The NAT device will keep a table with currently open connections so that it can send return packets to the internal host that opened the connection. An entry in the state table could look something like this:
Internal Source IP | Internal S-Port | External S-Port | Destination IP | D-Port
192.168.1.12 10123 10123 203.0.113.1 5555
When a packet is received (from the external side) the NAT device will check the Source IP, Source Port and Destination Port of the packet and compare it to the Destination IP, D-Port and External S-Port fields in its connection table. When it finds a match it will forward the packet to Internal Source IP on Internal S-Port.
UDP hole punching depends on the fact that Internal and External Source Ports are the same. This is normally the case unless you have a second internal host that uses the same Source port to connect to the same external Destination/D-Port combination.
When we assume that Internal and External S-Port are the same then both clients A,B can communicate their source port to the rendezvous server which will then relay the information back to the other client respectively.
Yes. Yes it is possible. The network has to be able to handle all the packets (without exceptions - packet loss means death), the machines have to be able to send out packets fast enough, the other end must not have "flooding protection" and the address has to not change every time you open a new connection.

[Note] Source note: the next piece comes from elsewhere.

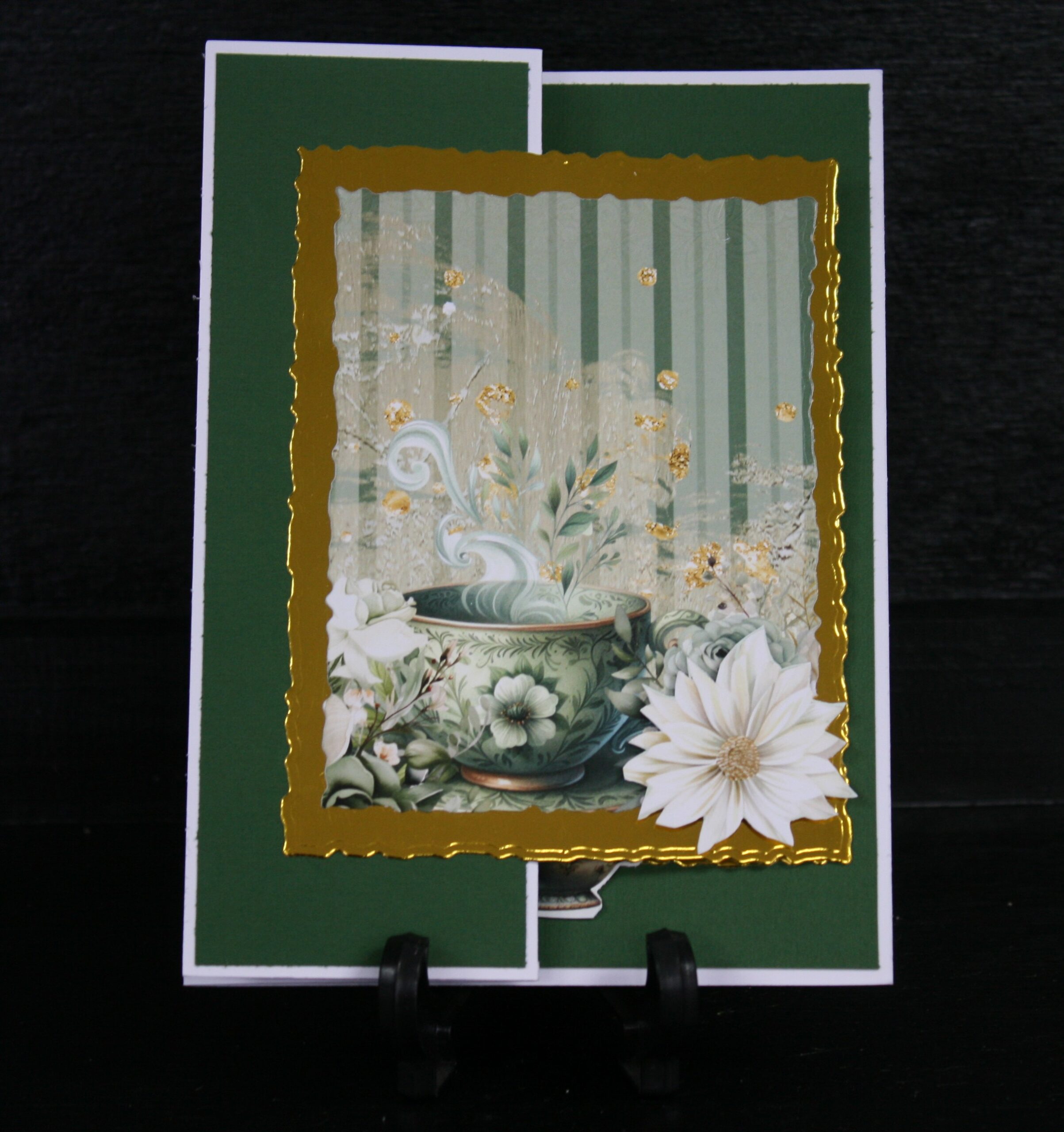 Send a moment of calm with this handmade floral teacup greeting card, featuring layered botanical artwork, soft green tones, and gold accents. Perfect for birthdays, thank‑you cards, thinking‑of‑you messages, and tea‑lover gifts, this elegant card adds a touch of serenity to any occasion. Ideal for shoppers seeking unique handmade cards, botanical stationery, or New Zealand artisan paper crafts.
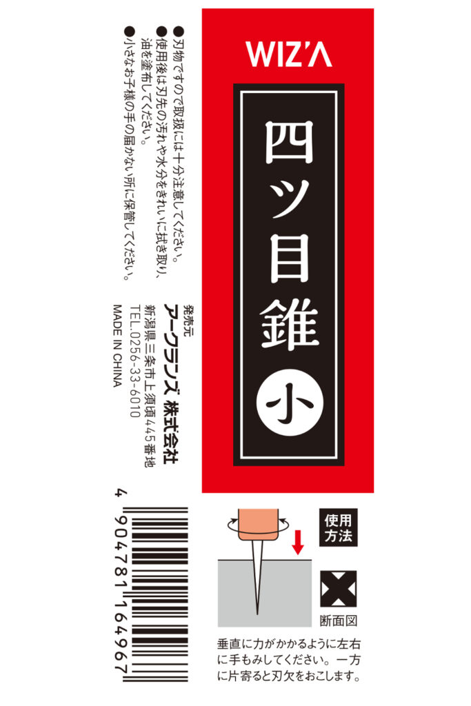 四ッ目錐 小 2024 8/15 WIZ'A 2024.08.15 × 四ッ目錐 小 ブランド:WIZ'A JANコード:4904781164967商品コード:134034規格・品番:-商品サイズ(mm)縦240 x 横17 x 高さ17重さ(g)24仕様用途:木材の下穴作業、薄板の穴あけ 柄:木柄 サイズ:小商品コメント昔ながらの工作の必需品。同じカテゴリーの商品豆平鉋 ウラ金付 42mm追入ノミ 15mm彫刻刀 丸刀 6.0mm細工ノミ 丸曲り 15mmセール針 穴付き 2本組 2.0×75mm彫刻刀 平刀 6.0mm革針 2本組 2.0×75mm三ッ目錐 小 WIZ'A 三ッ目錐 大 四ッ目錐 中

This method managed to connect my laptop behind my University's WiFi with my friends laptop behind his WiFi and it sent a packet from my home WiFi through my University's symmetric NAT. If you're using a phone, you should probably send packets as fast as possible because phones are slow but with laptops you can synchronize the barrage of UDP packets with Thread.sleep()
/**
* Shoots empty UDP packets at every port between "start" and "end".
*/
public static void sendBarrage(int start, int end, InetAddress target) {
final ByteBuffer to_send = ByteBuffer.allocate(0);
// Start at a random value to avoid re-traversing failed paths on repeated attempts.
final int starting_point = start + generator.nextInt(end - start);
// Go from starting_point down to 1024.
for (int port = starting_point; port >= start; --port) {
try {
if (made_connection == false) {
myChannel.send(to_send, new InetSocketAddress(target, port));
} else {
break;
}
} catch (java.nio.channels.ClosedChannelException cce) {
Application.printerr("Channel closed while on port: " + port);
break;
} catch (IOException e) {
Application.printerr("Error sending in port: " + port);
continue;
}
}
// Go from 65535 down to say starting_point, not including starting_point.
for (int port = end - 1; port > starting_point; --port) {
try {
if (made_connection == false) {
myChannel.send(to_send, new InetSocketAddress(target, port));
} else {
break;
}
} catch (java.nio.channels.ClosedChannelException cce) {
Application.printerr("Channel closed while on port: " + port);
break;
} catch (IOException e) {
Application.printerr("Error sending in port: " + port);
continue;
}
}
}
^ Make sure you call this method in a loop, it might take a few attempts. Keep in mind that this method does NOT work with cell phone tower networks (unless you get insanely lucky and the public ip address does not change). It might work better if one side holds the port open while the other guesses rather than having them both brute force both sides.
Also, if only one side holds the ports open, this method might be good: https://www.goto.info.waseda.ac.jp/~wei/file/wei-apan-v10.pdf
Best Answer
The only way to establish a connection between two hosts when they are both behind different NATs is to either configure port-forwarding on the NAT devices, or use a third-party server hosted on a public address externally (in which case there is no direct TCP connection between hosts).